Alphabet n'a pas officiellement réagi à cette lettre mais une porte-parole de YouTube s'est exprimé auprès du site d'information américain The Verge. "Suite aux attaques dévastatrices en Israël et à l'escalade du conflit en cours en Israël et à Gaza, nous avons supprimé des dizaines de milliers de vidéos nuisibles et mis fin à des centaines de chaînes, a déclaré Ivy Choi. Nos équipes travaillent 24 heures sur 24 pour surveiller les séquences préjudiciables et restent vigilantes afin de prendre rapidement des mesures si nécessaire pour tous les types de contenu, y compris les Shorts et les vidéos en direct."

Snapchat absent des radars de l'UE (mais pas du Royaume-Uni)

L'un des rares réseaux sociaux à avoir échappé à ce jour aux mises en garde européennes n'est autre que Snapchat. Particulièrement utilisée par des jeunes voire très jeunes internautes, cette application éditée par la société californienne Snap, Inc. a un fonctionnement sensiblement différent des plateformes réprimandées par l'UE. Sa carte virtuelle du monde, via laquelle les utilisateurs peuvent découvrir des stories selon les endroits depuis lesquels ces contenus ont été publiés, est toujours fonctionnelle en Israël et en Palestine malgré l'escalade de violence.
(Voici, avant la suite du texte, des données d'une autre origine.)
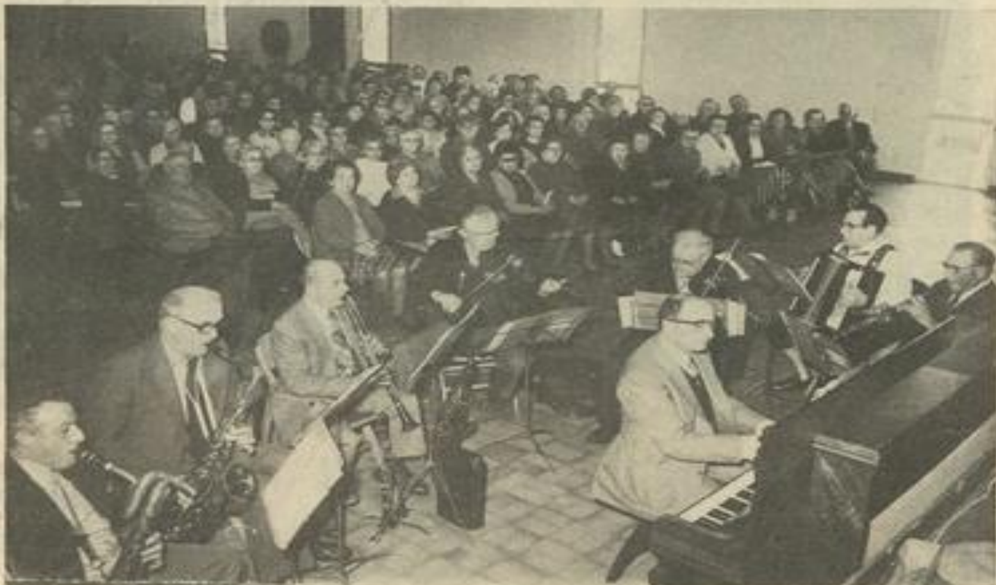
• Au premier plan, l'orchestre de la M.J.C.

Le célèbre quadrille des Lanciers recueillit ensuite le suffrage unanime de la foule en délire et la chorale du Foyer 3 e âge, puis l'orchestre de la M.J.C., mirent un magistral point final à cet artistique après-midi d'évasion où les personnes âgées retrouvèrent la "flamme" enthousiasmante du printemps de leur vie !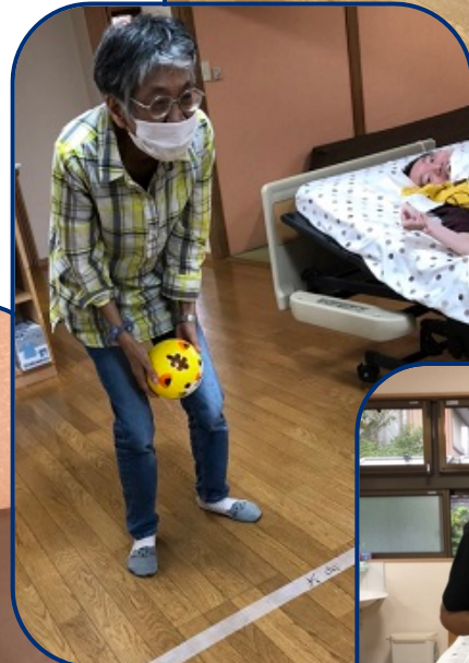
ひらすま ボウリング ゲーム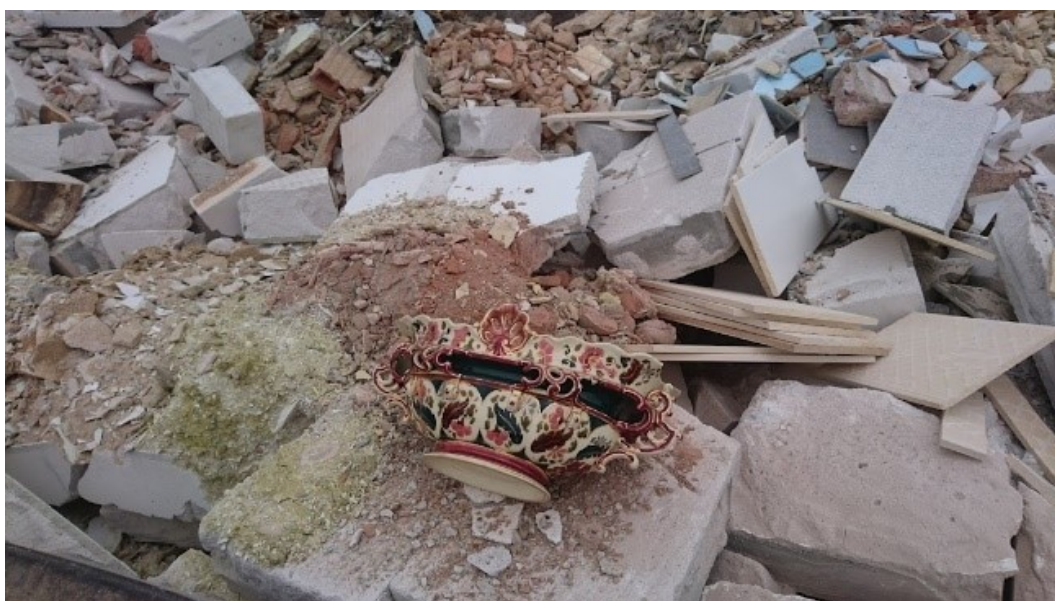
Obrázek č. 9. Překvapení v suti. Autorka Anna Vykoukalová. Březen 2021.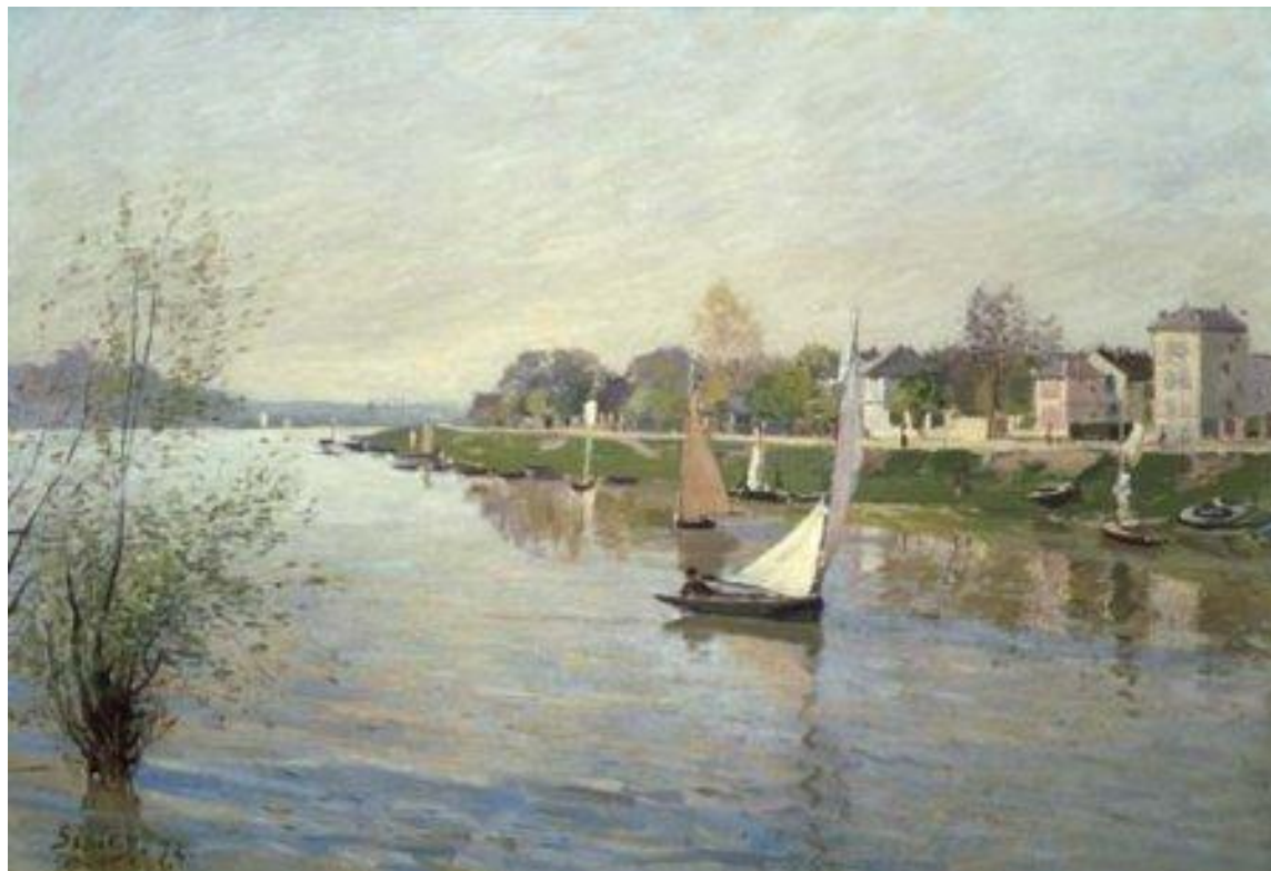
The Seine at Argenteuil

Au niveau de la bande de Gaza, on peut par exemple y voir, au détour de scènes de la vie quotidienne, des Palestiniens réunis dans la rue autour de sacs mortuaires.

Si la Commission européenne n'a jusqu'ici rien trouvé à redire sur la politique de modération des contenus mise en place par Snap, Inc., le Royaume-Uni a toutefois averti l'entreprise. D'après les informations du quotidien britannique The Guardian, Michelle Donelan, secrétaire d'État à la science, à l'innovation et à la technologie, a rencontré des cadres de X, Google, Meta, TikTok et Snapchat pour "discuter de la lutte contre les contenus violents et antisémites sur leurs plateformes". "Je leur ai demandé d'assurer le suivi et de détailler par écrit les plans qu'ils ont mis en place" pour retirer ces publications, a-t-elle affirmé.